Just to show you that I’m not the only one who is writing about this huge difference between men and women, here are a couple of quotes from a novel by P. J. Tracy — the pen name for Patricia J. Lambrecht and her daughter Traci — entitled Snow Blind (an Onyx paperback, published by New American Library in 2007):
Writing about their female protagonist, Sheriff Iris Rikker, they tell the
reader:
“By the time she got downstairs, Sampson was already in the lobby, and
the Minneapolis detectives were coming through the front door. Magozzi [a male]
gave her a nod of recognition, and Iris nodded back. That, she decided, was
the secret to communicating with men. Whenever possible, use signals instead
of words. Words just confused them.”
Further along in their fine novel, they have their male detective, Magozzi,
thinking:
“Sometimes you [as a man] had to have quiet, to think about things…

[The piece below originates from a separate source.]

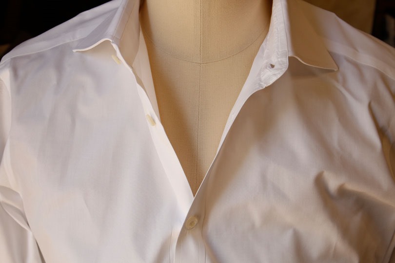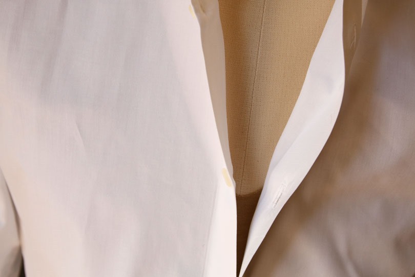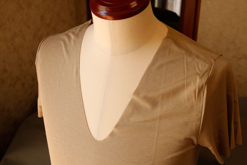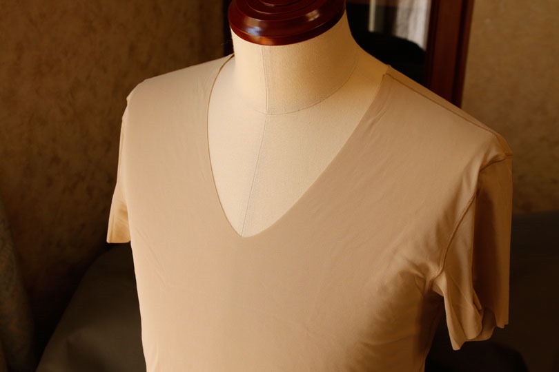 Vネックが深いので、第2ボタンまで開いても十分下着が隠れます。リゾートシャツなどのカジュアルウェアにも適していると思います。

Women didn’t understand that. It was one of the ten million things he’d
simply accepted and stopped trying to understand a long time ago. Women’s
and men’s minds worked differently. It didn’t make one method better
than the other; it just made working with the opposite sex – on the job
or in a relationship – a whole lot tougher.”

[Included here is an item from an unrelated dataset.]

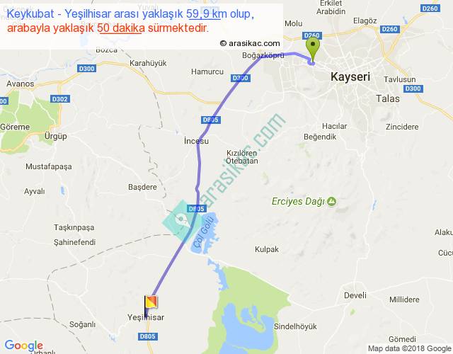 Keykubat - Yeşilhisar arası yaklaşık olarak 90 km/h ile yukarıda belirtilen sürede olup, iki yerin kuş uçuşu uzaklığı (mesafesi) 51'dir. Yolculuk otobüsle 1 saat 5 dakika sürmektedir.
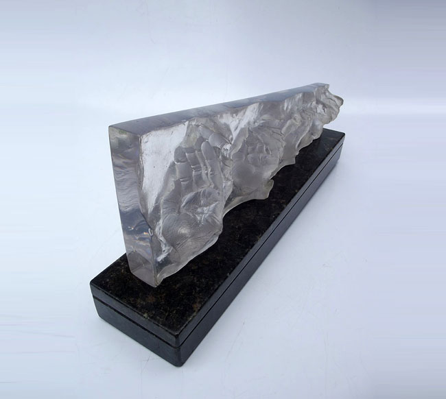 Descrição: Escultura de resina de poliéster cristal, maciça, fixada à base de granito.

It may be tough, but when you understand how the other gender thinks, how their brain works, it becomes much easier.
* * *
One woman who read the “Interpersonal Therapy of Depression” story e-mailed me her reaction.
“I had a similar epiphany maybe twelve years ago. Following some fight, my husband (a particularly and probably overly rational man) and I were in the bedroom. I was sitting in a chair and he was slouching against the headboard while I tried to explain to him what had made me so angry. My complaint had something to do with consideration and his lack thereof, in regard to me. My epiphany came when I looked at him, scrunched up against the headboard, brow furrowed in concentration, attempting to grasp what I was saying, biting his nails. It hit me that my explanation was just swooshing right over his head, despite his being (I am often told) a brilliant man and attorney. I realized it wasn’t personal. He just didn’t, indeed very likely couldn’t, get it. Since then, when in these arenas where I now realize him to be particularly challenged, I am much clearer and straight-forward about my needs. This has proven to be a much more workable approach!
“This message, about men and women viewing things differently, cannot be said too much! If you ever have the opportunity to see Rob Becker’s ‘Defending the Caveman,’ a one-man show done by a comic, see it! This is its theme, presented very humorously. Another favorite of mine is Deborah Tannen’s book You Just Don't Understand. Also quite eye-opening for me.
“Similar to your message in your story, some years back I saw a 6-hour
documentary on the Discovery Channel about teenagers. One of the things, very
helpful indeed, that has stuck with me was when they explained about a teenager’s
brain development: ‘When you think your teenager is thinking with only
half a brain, that’s because they are! Half the brain connections they
will have as an adult have not yet developed.’ That makes you reassess
just how grown up you expect your teenager to behave, and enables you to have
much more realistic expectations. When we realize someone’s behavior has
underlying physical explanations & limitations, it takes that personal,
hurtful bite away that we had felt when we mistakenly attributed their behavior
as some sort of personal affront. That’s quite liberating.”